Research

Research Interests

 


 





Research Projects


NSERC Alliance Missions: Anthropogenic Greenhouse Gas Research


Canada's priorities include environmental protection and enhancing ongoing efforts to mitigate adverse climate change effects by reducing greenhouse gas (GHG) emissions to at least 40% of 2005 by 2030 and net-zero emissions by 2050. From Canada's diverse anthropogenic GHG sources, increased methane emissions from oil sands tailing ponds (OSTP) and end-pit lakes (EPL) have become of great concern due to their warming potential, about seven times as much as carbon dioxide in 20 years. Creating suitable policies that contribute to the economic benefits of sustainable bitumen extraction from Canadian oil sands requires building promising land reclamation scenarios and methane emissions mitigation strategies based on substantial scientific facts. The Interdisciplinary Laboratory for Mathematical Ecology and Epidemiology (ILMEE) has granted about 1.4 million CAD from NSERC Alliance Missions funds to contribute directly to science-advancing climate research, specifically methane mitigation strategies and monitoring in oil sands territories. Our approach will use various scientific methodologies, including microbiology and aquatic toxicology laboratory experiments, GHG monitoring, data collection and processing, AI machinery and mathematical modelling, and we aim to generate a novel holistic model encompassing diverse challenges and providing insightful future directions to stakeholders to achieve desired goals. 
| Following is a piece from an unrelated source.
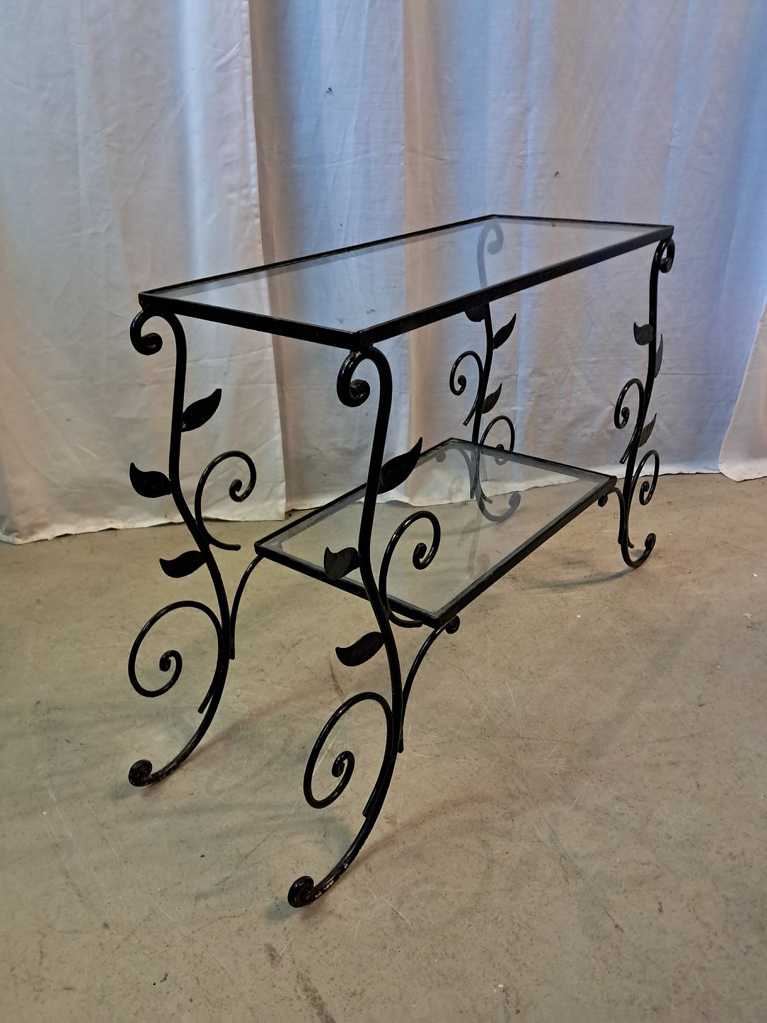 Plantebord i malet metal med glasplader, fra 1940erne.
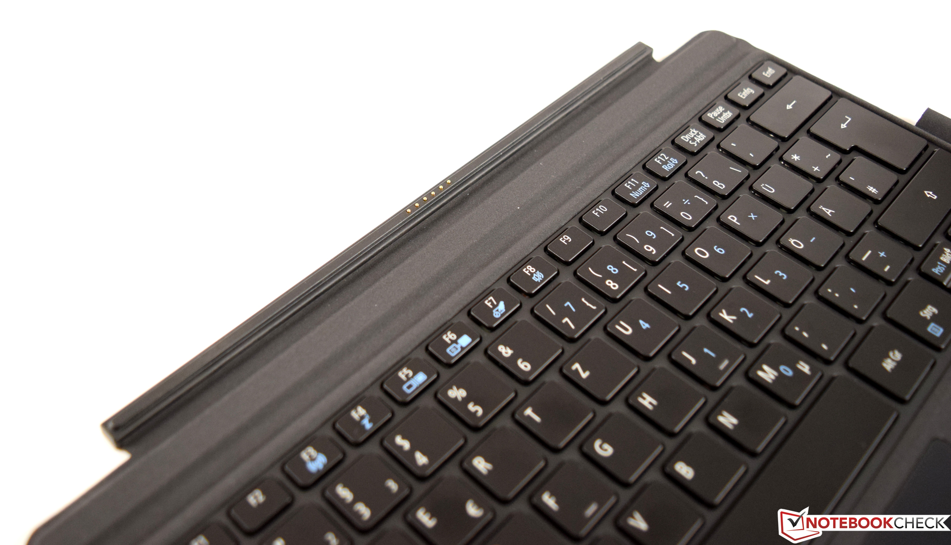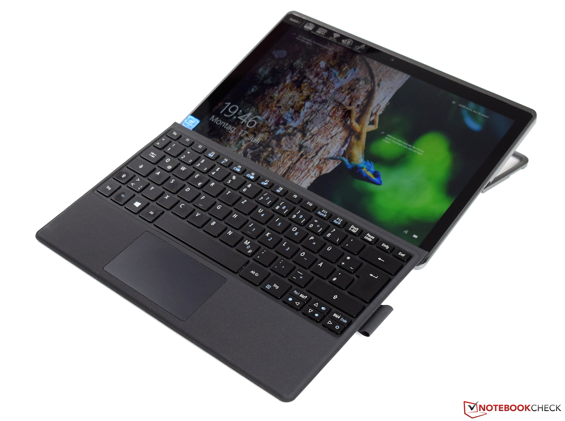 Das Acer Switch 3 wird mit einem Tastatur-Dock ausgeliefert, welches mit einer Magnetarretierung an der Unterseite des Tablets befestigt wird und dieses dann zu einem Laptop umfunktioniert. Einziges Manko, welches deutlich in die Wertung fällt, ist die fehlende Hintergrundbeleuchtung. Ansonsten verrichtet die Chiclet-Tastatur sehr gute Arbeit. Der geringe Hub und der spürbare Druckpunkt sorgen für ein angenehmes Schreibgefühl. Die Lautstärke beim Betätigen der Tasten ist angenehm leise. Nur die Leertaste wirkt etwas klapprig, was aber den guten Gesamteindruck nicht allzu sehr trübt.

Alberta Conservation Association


The ACA project focuses on addressing the persistent challenge of cyanobacterial blooms, specifically, in Alberta, Canada. Cyanobacterial blooms pose a significant environmental concern in Alberta's lakes and water bodies with current monitoring practices predominantly in specific sites. However, smaller water bodies and lakes with limited access often lack proactive monitoring initiatives leaving them vulnerable to the increasing frequency and intensity of cyanobacterial blooms exacerbated by changing environmental conditions. The project aims to develop a novel neural network leveraging a convolutional architecture coupled with a generative network tailored to Alberta's context. This innovative approach aims to enhance detection and monitoring by extracting both geometry and statistical relations from multi-spectral satellite images, integrated with in-situ measurements, by predicting cyanobacterial concentration patterns and estimating nutrient levels in Alberta's lakes, particularly, those with limited monitoring resources. This initiative is crucial for the proactive protection of water resources and public health in Alberta.